**Directions:**
Pictures left aside, return the lines below exactly, from the one with "This Nain rug" to the end, including both ends.

Recorded information Start Marker

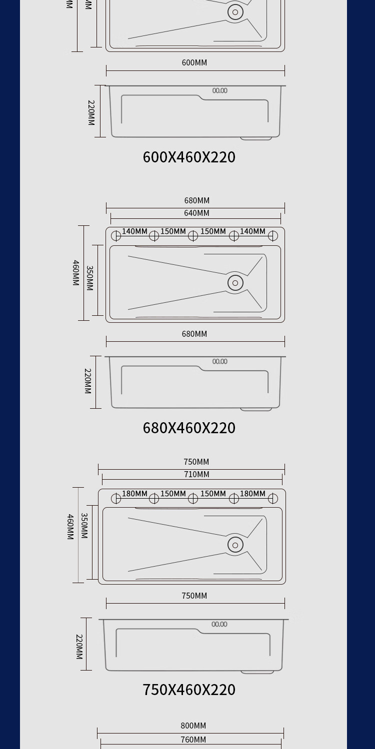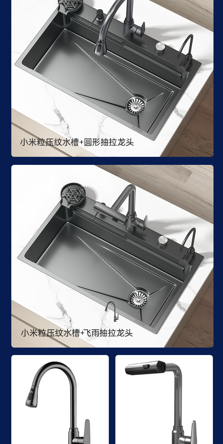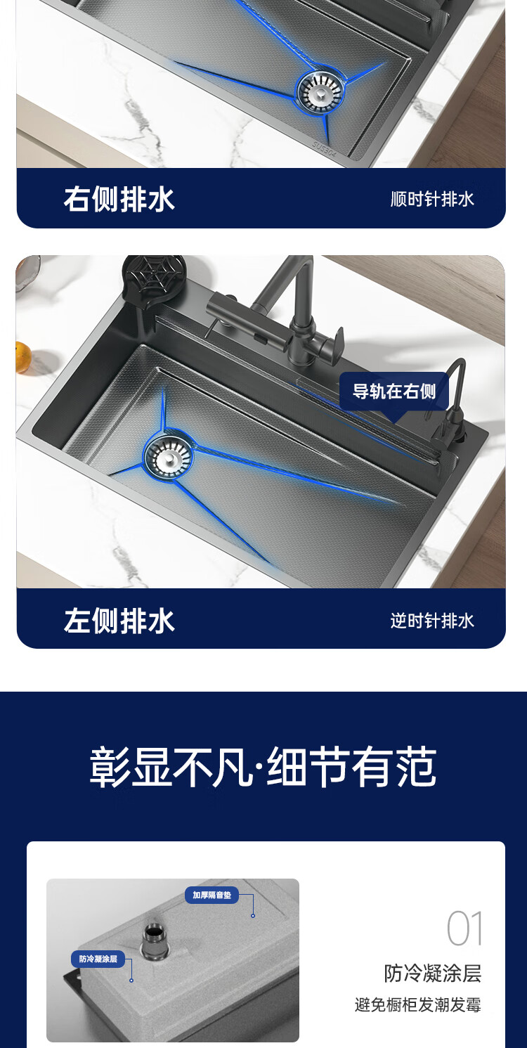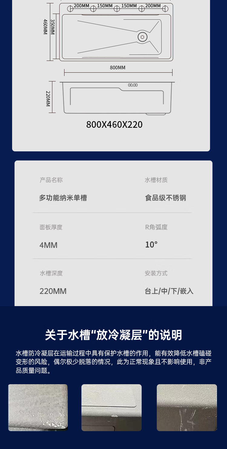 JOMOO Kitchen 304 Stainless Steel Nano Handmade Sink Large Single Slot Upper, Middle and Lower Sink Basin Household Sink Set Millet Type A/No Faucet 600*460
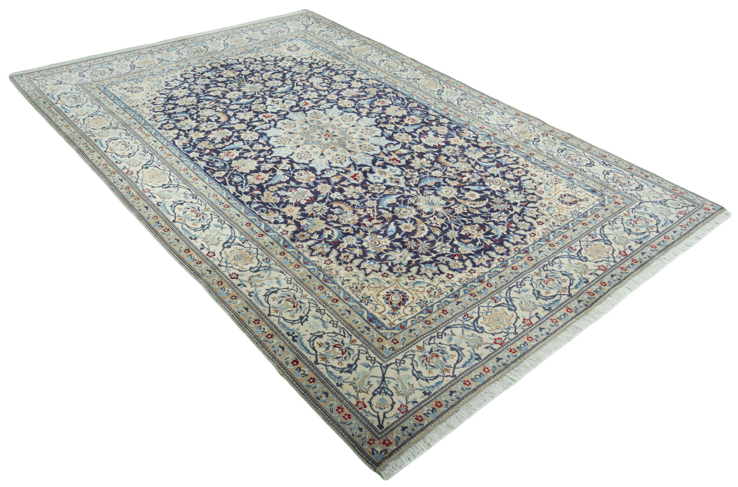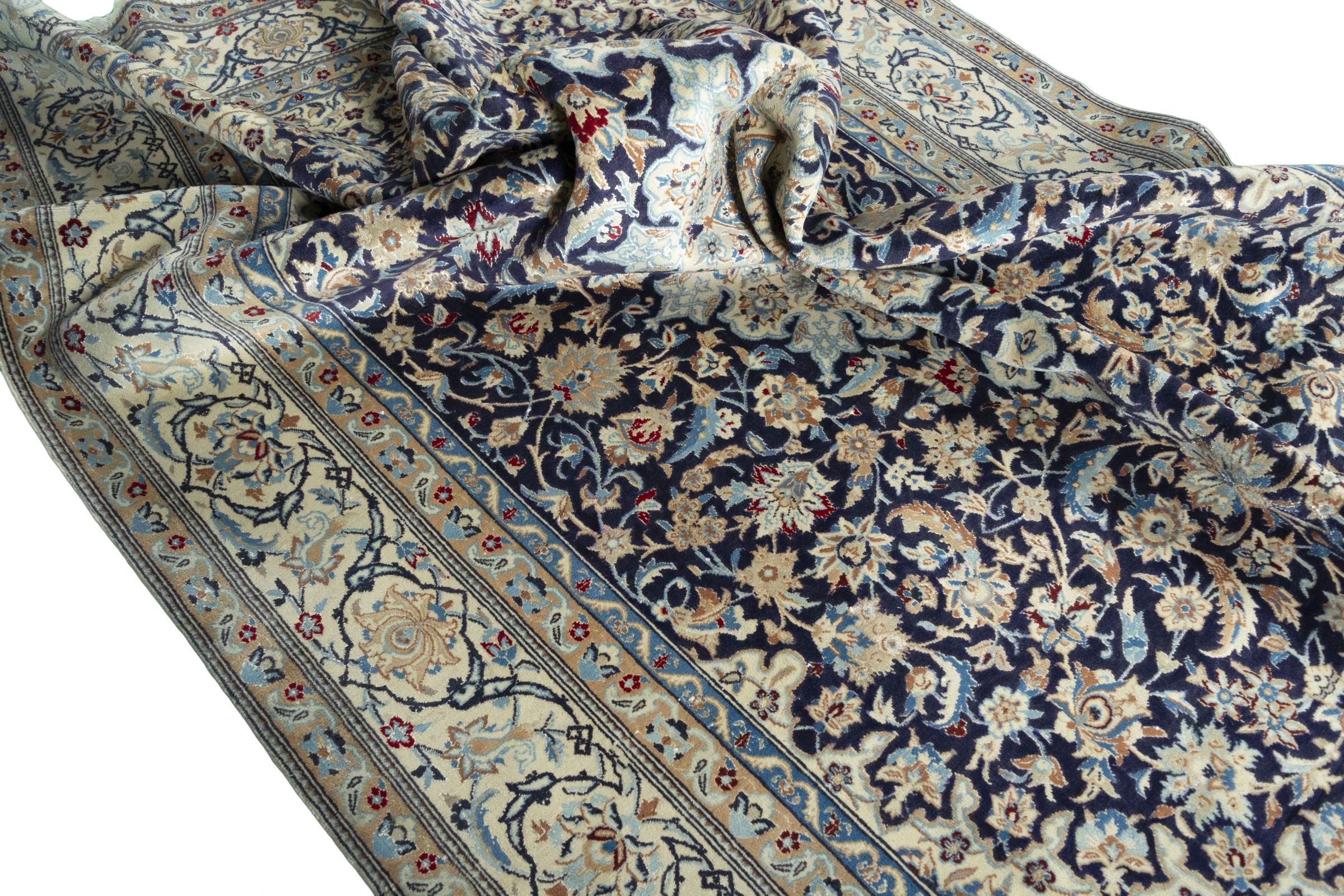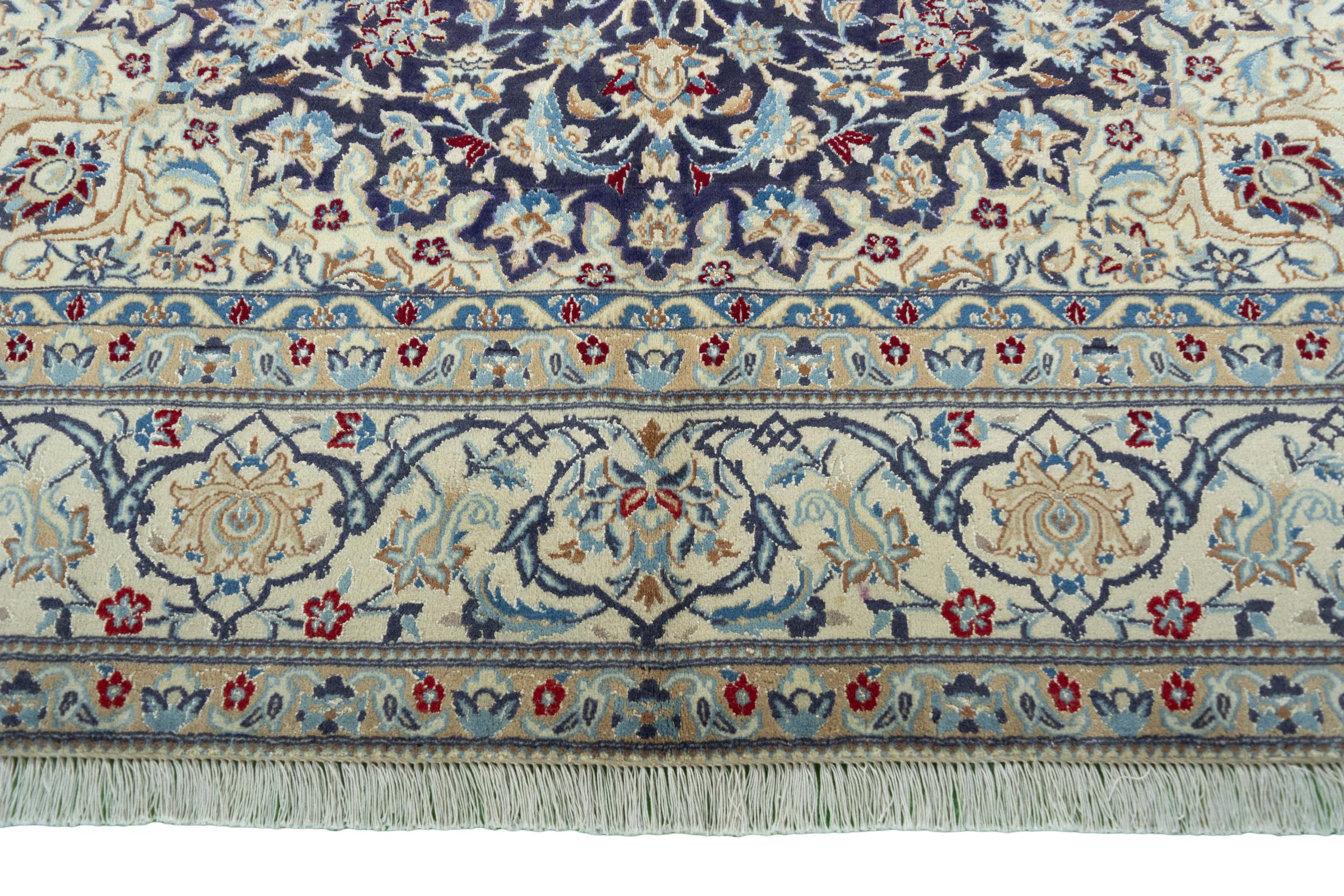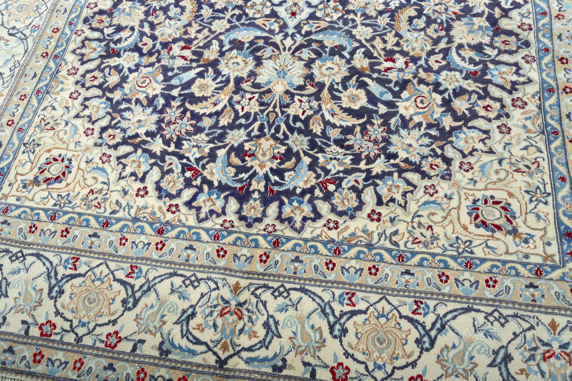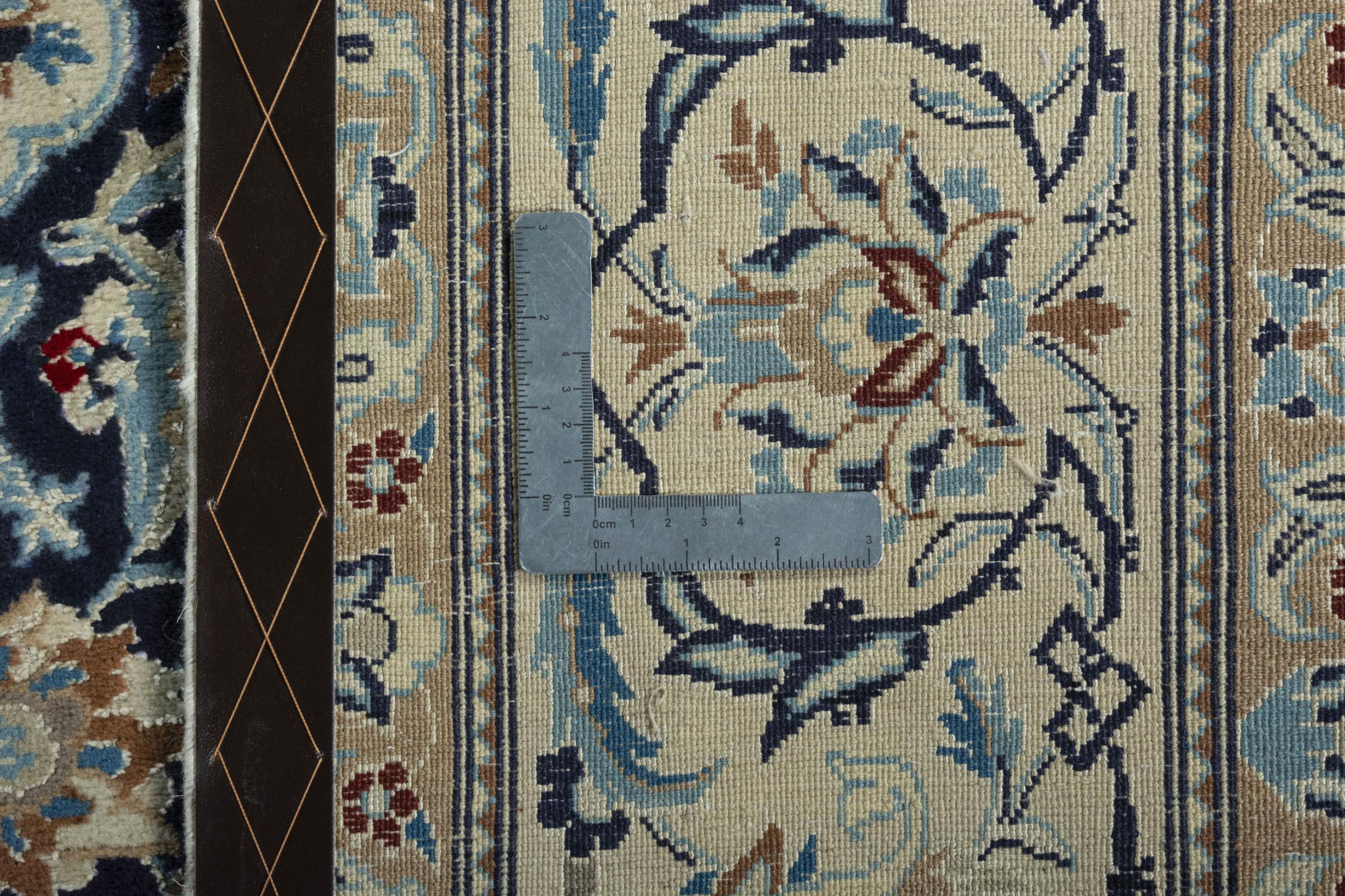 This Nain rug is classified as 9La. The excellent quality, the beautiful oriental design with its curvilinear patterns will delight every buyer. This Persian rug was hand-knotted in the city of Nain, which lies on the western edge of the Dasht-e-Kavir desert, from high-quality wool and natural silk. 9La Nain rugs are significantly finer than a 12La and already show beautiful details.
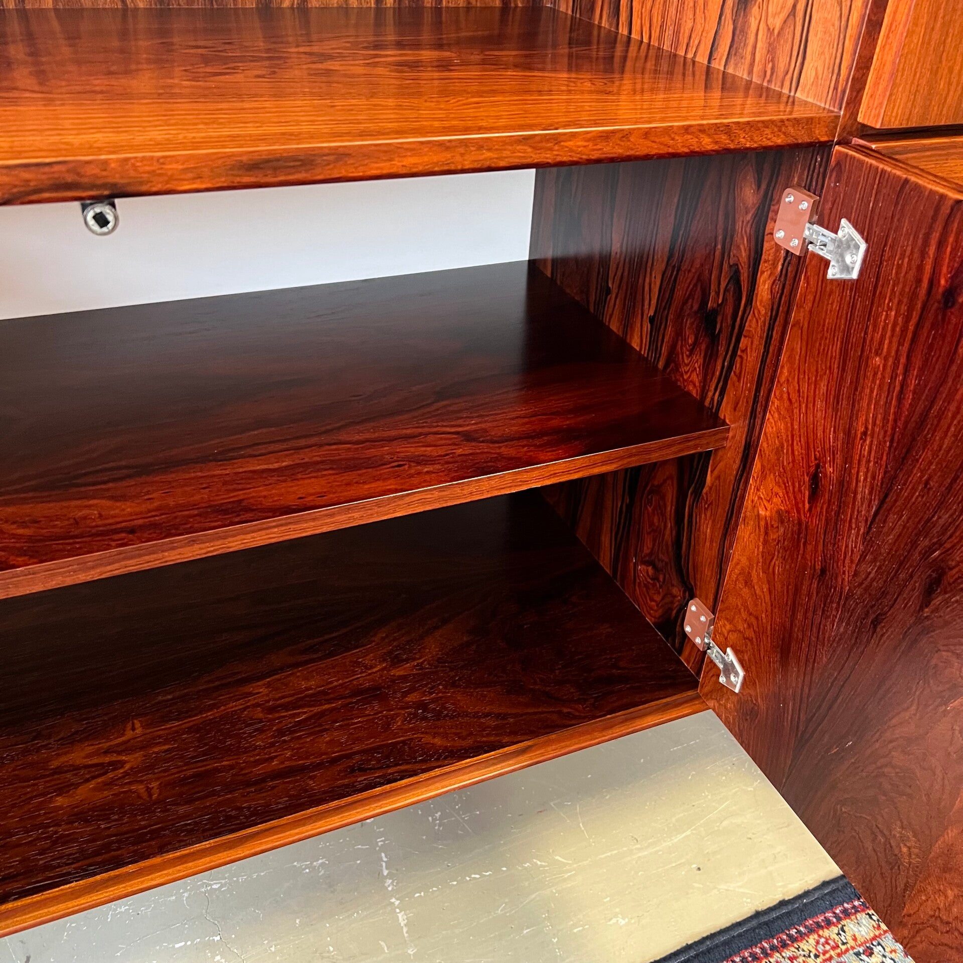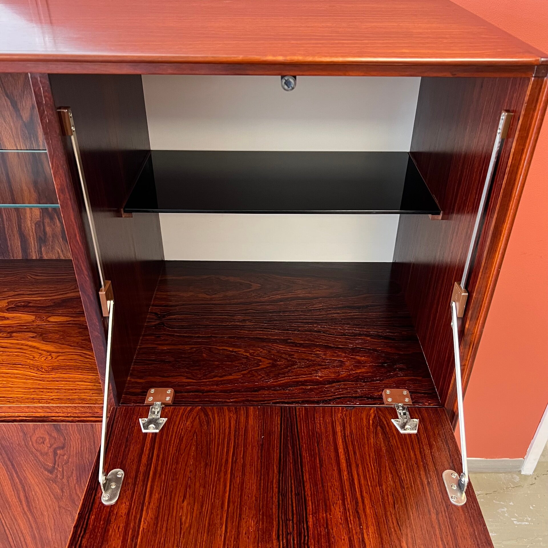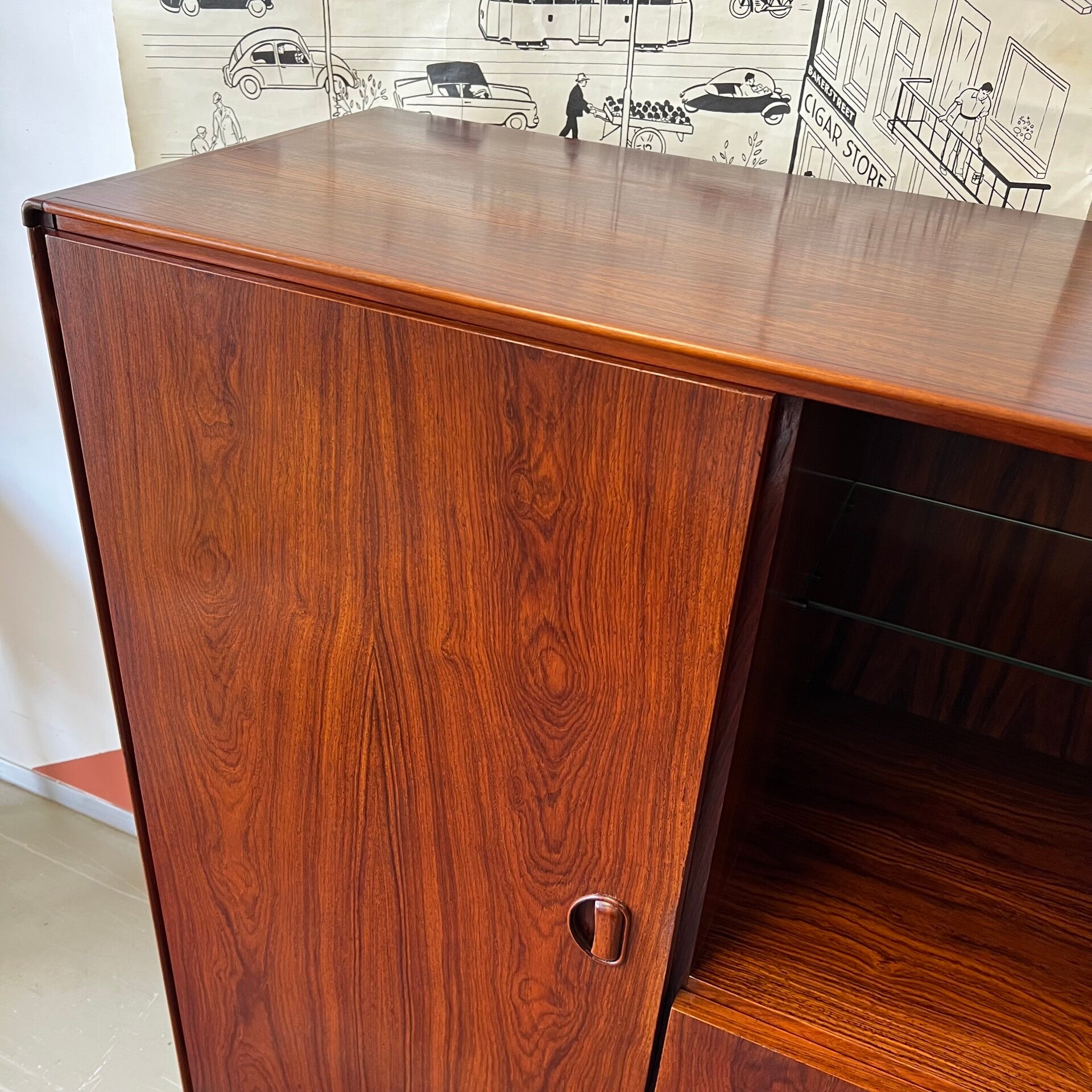 Rechts een klepkast, barkast met zwart glazen plaat. Eronder 4 ruime lades waarvan de bovenste met vakverdeling en vilt (oorspronkelijke bestemming-, zilverlade).

Recorded information End Marker

**Answer to the problem:**
 This Nain rug is classified as 9La. The excellent quality, the beautiful oriental design with its curvilinear patterns will delight every buyer. This Persian rug was hand-knotted in the city of Nain, which lies on the western edge of the Dasht-e-Kavir desert, from high-quality wool and natural silk. 9La Nain rugs are significantly finer than a 12La and already show beautiful details.
 Rechts een klepkast, barkast met zwart glazen plaat. Eronder 4 ruime lades waarvan de bovenste met vakverdeling en vilt (oorspronkelijke bestemming-, zilverlade).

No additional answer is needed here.